Reshetylova : l'armée ukrainienne a besoin d'un changement culturel pour protéger les droits des soldats
Nous oublions parfois notre message central : que les personnes sont notre valeur la plus précieuse.

Interview d'Olha Reshetylova par Olseksiy Tarasoc pour Radio NV
La fonction d'ombudsman militaire a été créée en Ukraine à la fin de l'année 2023. Le 30 décembre, le président Volodymyr Zelenskyy a nommé Olha Reshetylova commissaire présidentielle pour la protection des droits des militaires et des membres des familles de militaires.
Dans une interview accordée à Radio NV, Mme Reshetylova évoque la première vague de plaintes qu'elle a reçues, la résistance des commandants militaires et le projet de loi en cours d'examen qui officialiserait l'institution de l'ombudsman militaire.
Quels sont les principaux problèmes que vous ont signalés les militaires au cours de vos premiers mois en fonction ?
J'ai entendu beaucoup de choses et, pour être honnête, je connaissais déjà bon nombre de ces problèmes avant ma nomination, ayant travaillé pendant des années dans la défense des droits des militaires. Mais le volume de plaintes que je traite quotidiennement me permet de systématiser et d'analyser ces problèmes de manière plus approfondie.
Certaines questions peuvent être résolues rapidement, tandis que d'autres nécessitent des réformes systémiques, parfois même pas des changements juridiques, mais plutôt des changements de mentalité.

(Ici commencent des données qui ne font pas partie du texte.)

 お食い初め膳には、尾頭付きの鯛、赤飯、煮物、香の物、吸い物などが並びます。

Si nous devions classer les plaintes, les plus courantes au début concernaient les transferts, c'est-à-dire le non-respect du droit d'être transféré d'une unité à l'autre. Il y avait également des plaintes concernant le refus de soins médicaux ou d'orientation vers des commissions médicales militaires. Beaucoup provenaient de familles de soldats tombés au combat, portés disparus ou prisonniers de guerre.
Au cours des premiers mois, nous avons pu résoudre les problèmes les plus urgents liés aux transferts. Avec l'aide du Bureau central pour la protection des droits des militaires du ministère de la Défense, nous avons identifié et traité les unités les plus fautives, expliqué aux commandants la nécessité de suivre les ordres de l'état-major général et, dans certains cas, des commandants de rang supérieur sont intervenus directement. Le problème n'a pas disparu, mais il n'est plus critique. La plateforme numérique Army+ a également facilité les transferts entre unités.

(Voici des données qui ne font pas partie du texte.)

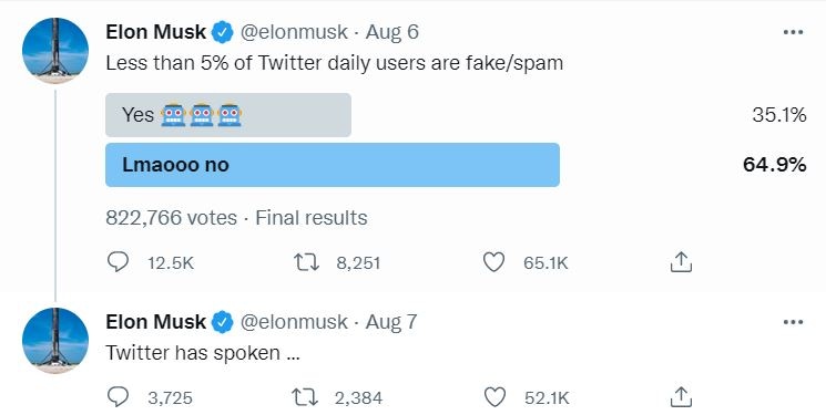 Musk has continued bating Twitter, saying that the platform's stance that less than 5% of its users are bots is a lie. Musk has stated in the past that the figure is closer to 20%. Part of Musk's initial April agreement with Twitter was to pay the company $1 billion if the buyout fails to go through.

Olha Reshetylova présente les objectifs de son rôle de médiatrice militaire
Le défi consiste désormais à coordonner les transferts entre les différentes agences du secteur de la sécurité, par exemple entre les forces armées, la garde nationale ou les services frontaliers. Des travaux sont en cours pour intégrer Army+ dans les structures du ministère de l'Intérieur.
L'Ukraine est en guerre avec la Russie depuis plus de dix ans, mais cette institution n'existait pas jusqu'à présent.Il n'y avait qu'un numéro d'urgence sur le site web du ministère de la Défense. J'ai parlé à des soldats qui m'ont dit que leurs commandants leur réclamaient 20 % de leur salaire. Mais ils ne faisaient pas confiance à la ligne d'urgence. « Nous ne pouvons pas donner notre nom », m'ont-ils dit. « Nous pourrions donner le nom de notre commandant, mais il ne lui arriverait rien et nous serions punis. »Avez-vous entendu des choses de ce genre ?

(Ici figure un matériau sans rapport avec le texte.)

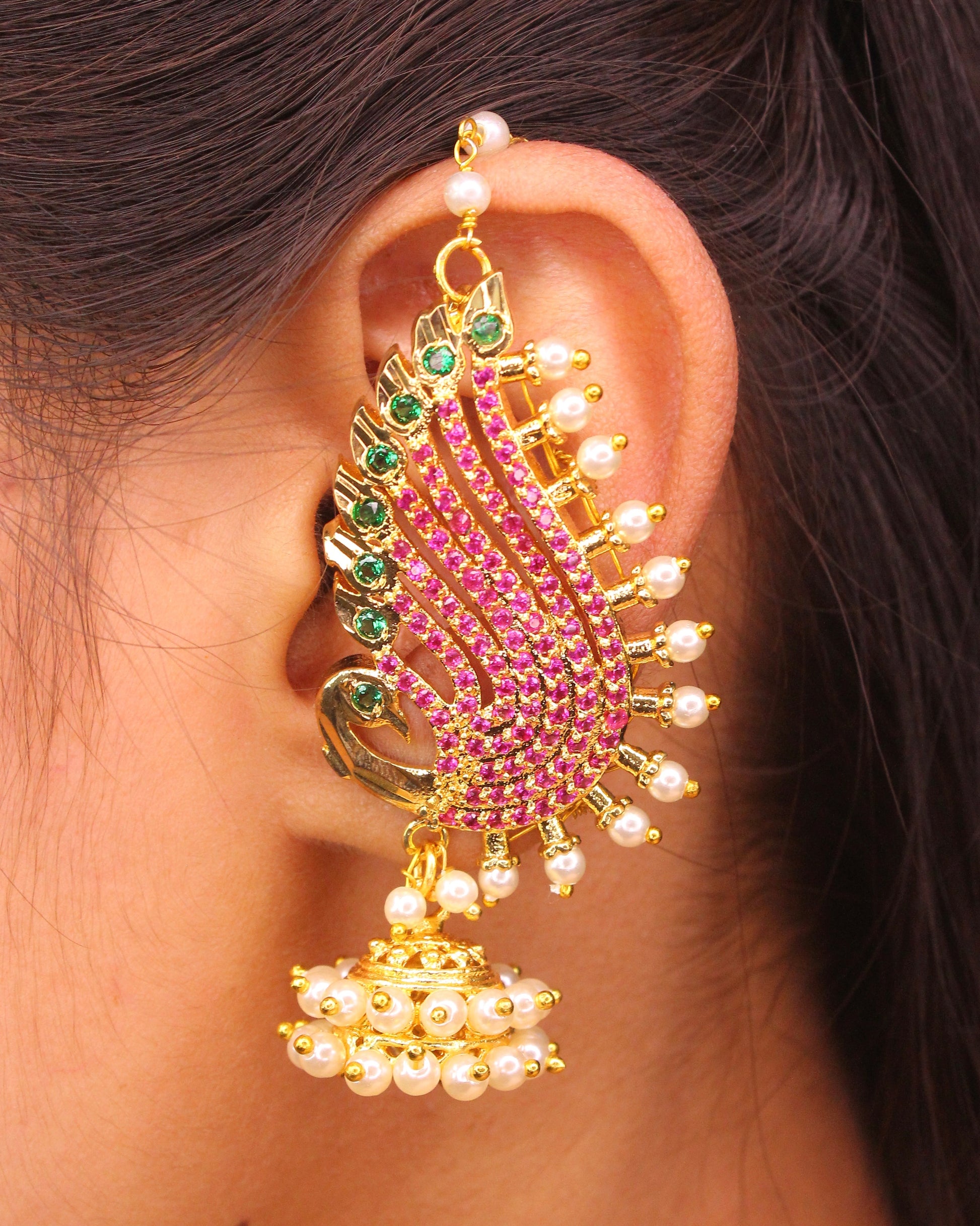 Adorn your earlobes with this pair of golden colour wonderful ear-cuffs with your festive costume. It is studded sparkling pink-green stone along with pearls beads and made from golden finish metal. This ear-cuffs is completed peacock look.

Absolument. Ces cas existent. Et peut-être que dans certains cas, la ligne d'assistance a fonctionné comme elle le devait. Mais il existe déjà une méfiance générale parmi les militaires à l'égard des institutions militaires.
C'est exactement pour cette raison que nous avons besoin d'un médiateur militaire. D'autres structures ne fonctionneraient pas, car il faut comprendre la psychologie des personnes en uniforme : elles évoluent dans des hiérarchies strictes. Elles savent que si leur commandant apprend qu'elles ont déposé une plainte, elles pourraient subir des conséquences.
C'est pourquoi mon bureau permet de déposer des plaintes confidentielles. Je demande toujours aux militaires de demander explicitement la confidentialité s'ils craignent des représailles. Nous ne contactons pas directement les commandants et ne divulguons pas l'identité des plaignants sans leur consentement. Notre objectif est de protéger ceux qui signalent des abus.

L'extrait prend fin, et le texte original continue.